Als Angela Merkel Bundeskanzlerin wurde, hörten kleine Mädchen auf einmal den Satz: "Du wächst jetzt in einem Land auf, in dem Frauen alles werden können - auch Bundeskanzlerin".

Und die Hoffnung bestand wirklich, dass Frauen nun endlich eine größere Rolle spielen würden - in den Parlamenten, in Unternehmen und in der Wissenschaft.

Zwölf Jahre später ist Merkel immer noch Kanzlerin. Doch die Situation von Frauen hat sich wenig verbessert. In einigen Winkeln unserer Gesellschaft sind Frauen sogar auf dem Rückzug. In der Politik zum Beispiel.

Kaum Frauen in der Politik

Nach der Bundestagswahl werden so wenig Frauen im Bundestag sitzen wie zuletzt vor 15 Jahren: Aktuell liegt der Frauenanteil noch bei rund 37 Prozent - in der neuen Legislaturperiode wird der Anteil auf 31 Prozent sinken, schätzt die Plattform "Mandatsrechner".

Nur 8,2 Prozent der Oberbürgermeister in Deutschland sind Frauen - 2008 lag der Anteil laut einer Studie der Heinrich-Böll-Stiftung noch bei fast 18 Prozent.

Frauen sind damit in der deutschen Politik so schlecht repräsentiert wie seit Jahren nicht.

Ein ähnliches dunkles Bild zeigt sich in der Wirtschaft.

Wenige weibliche Chefs

In den Vorständen der börsennotierten Unternehmen in Deutschland liegt der Anteil der Männer laut einer Studie der Allbright Stiftung bei 93 Prozent. Noch krasser: 49 der CEOs heißen Thomas oder Michael - das sind mehr als die 46 weiblichen Chefs.

Auch im Mittelstand herrscht bei den Führungskräften eklatanter Frauenmangel. Nur vier Prozent der Chefs im sogenannten deutschen Motor sind weiblich.

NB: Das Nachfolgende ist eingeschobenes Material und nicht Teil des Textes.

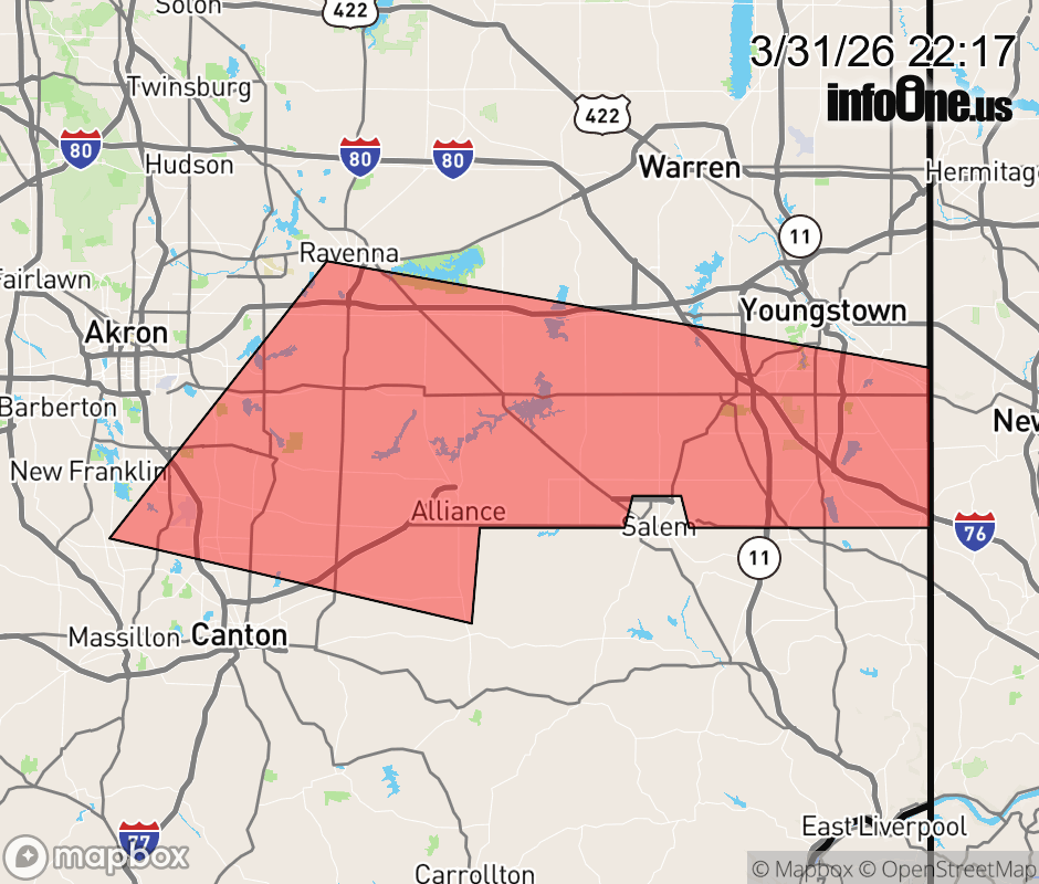 Canceled 3/31/26 10:34 PM Severe Thunderstorm Warning issued March 31 at 10:16PM EDT until March 31 at 11:00PM EDT by NWS Cleveland OH SVRCLE The National Weather Service in Cleveland has issued a * Severe Thunderstorm Warning for... Southern Portage County in northeastern Ohio... Mahoning County in northeastern Ohio... Northern Stark County in northeastern Ohio... Southeastern Summit County in northeastern Ohio... * Until 1100 PM EDT. * At 1015 PM EDT, a severe thunderstorm was located near Hartville, or 12 miles northeast of Canton, moving east at 55 mph. HAZARD...60 mph wind gusts. SOURCE...Radar indicated. IMPACT...Expect damage to trees and power lines. * Locations impacted include... Canton, Youngstown, Salem, Ravenna, Columbiana, Boardman, Green, Alliance, North Canton, Louisville, Canfield, Sebring, Hartville, Austintown, Struthers, Brimfield, Randolph, Lakemore, Atwater, and Edinburg. ![]() |

Und dennoch hat Deutschland bei vielen Beobachtern im Ausland ein ganz anderes Image. Dort wirkt unser Land weit moderner und progressiver, als es eigentlich ist, resümierte kürzlich sogar die “New York Times”.

Das liegt in erster Linie an dem Image von Kanzlerin Merkel, der mächtigsten Frau der Welt.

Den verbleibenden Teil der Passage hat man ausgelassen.